Etlパ▪▪プラ▪▪ンの高速化による処理時間の削減率
它運用コストの削減率
タ▪▪ムトゥ▪▪ンサ▪▪トがビジネスを大きく成長させた
米出版大手のコンデナスト社は,20を超えるブランドを運営しています。月当たりのWebコンテンツ閲覧者数は1億を超え,ページビューは8億回を超え,膨大なデータが蓄積されていました。データ部門は,機械学習の利用を通じてパーソナライズされたコンテンツ提案とターゲティング広告を配信し,ユーザーエンゲージメントの向上を図りました。しかし,実際にやってみると,いわゆるバニラ状態の火花を使用してデータプラットフォームを構築することは,困難であることがわかりました。
インフラの複雑さ:火花クラスタの構築と管理は多くの準備と頻繁なメンテナンスを要し,結果的に,より重要な業務に十分な時間を確保できなくなっていました。
現状からの脱却:現状の問題を解決し,チームとしての活動を促進するために,データパイプラインの構築と,より高度な分析のための共通のプラットフォームが必要でした。
膨大なデータ量:現状のデータレイクソリューションでは,増え続ける膨大なデータを処理することができませんでした。

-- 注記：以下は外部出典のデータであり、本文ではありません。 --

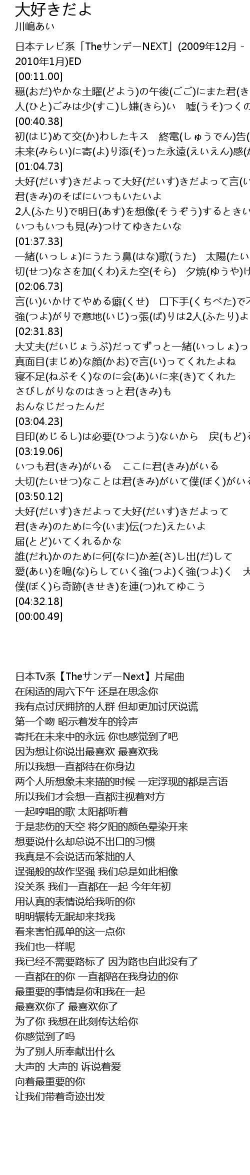 | [03:51.17] | 大好(だいす)きだよって大好(だいす)きだよって |

コンデナスト社は,砖の提供する完全管理のクラウドプラットフォームを導入することで,オペレーションの簡素化、性能の向上,データサイエンスのイノベーションを実現しました。
:砖の導入により,データサイエンティストは,データや洞察の共有・追跡を容易にし,コラボレーションを醸成する環境を取得しました。
三角洲湖:1か月当たりのデータポイント数が1兆を超え,データ量がますます増大するなか,三角洲湖によってその膨大なデータを問題なく処理し,データの書き換えや統合など,より多くのユースケースに対応できるようになりました。
マネ,ジドMLflow:MLflowを活用することで,実験の追跡から実稼働モデルの監視まで,機械学習ライフサイクルの管理が容易になりました。
データ分析と機械学習の基盤として砖を導入することで,20を超えるブランドにおいて,顧客に関する新たな洞察を活用した顧客エンゲージメントの強化戦略が可能になりました。
顧客エンゲ,ジメントの向上:データパイプラインの改善により,コンデナスト社は,より適切なおすすめコンテンツを迅速に提供できるようになり,ユーザーエクスペリエンスの向上に繋がりました。
集約型アプロ,チ:データエンジニアリングとデータサイエンス部門は,共通のプラットフォームを共有し,新たなコンテンツ商品やエクスペリエンスの創出や問題解決に向けて協力体制を築いています。
拡張性:デ,タ量の増大にも対応する拡張性により,処理能力および洞察抽出能力を維持します。
実稼働モデルの増産:MLflowを利用することで,商品の。コンデナスト社では,現在1200のモデルを運用しています。